闇夜に真紅の薔薇の咲く
というか、部屋に近いとはどういうことだ。






家ならまだしも、部屋とは……。






まさか、隣に引っ越してきたのだろうか。





そこまで考えて、朔夜はふるふると首を振る。





隣に引っ越してくるなどあり得ない。





彼女の家は両隣りどちらにも家がある。





右隣は噂好きのおばさんで、左隣は爽やか美系な青年。





どちらとも引っ越すと言う話しは聞いていないし、おばさんに関しては今朝家を出る際に植物に水をやっていた。






では、どういうことなのだろう。





と、悶々と考えているといつの間にか家につき、結局答えが見つからないまま門に手をかける。
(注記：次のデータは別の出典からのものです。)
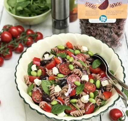 Si vous aussi vous aimez les salades de pâtes l’hivers, essayez cette recette à base de pâtes sans gluten au pois chiche, hyper gourmande et simple. Les pâtes de légumineuses sont une bonne alternative pour limiter sa consommation de gluten. De plus elles sont riches en protéines végétales. Le mélange artichauts, olives et zestes de citron fonctionne à merveille et devrait vous régaler !

ノアールとルイは何故かその場に立ち止まり、一向に動こうとしない。







それに少々疑問を持ちつつ、門を開けて振り返った。








「あの、今日はありがとうございました。また明日――」






言いかけて、玄関の扉が開いたことに気づき途中で言葉を区切って振り返る。






そこには目を丸くした母親の姿があり、朔夜は小首をかしげ母の視線の先を追って固まった。






そうだ。そう言えば、まだ彼らは帰っていなかった。






恋バナやらが好きな母のことだ。





きっと彼らを見て余計な考えに思い当ってしまうに違いない。






恐る恐る母の顔を見ると、彼女は目を丸くしたまま低く言葉を発する。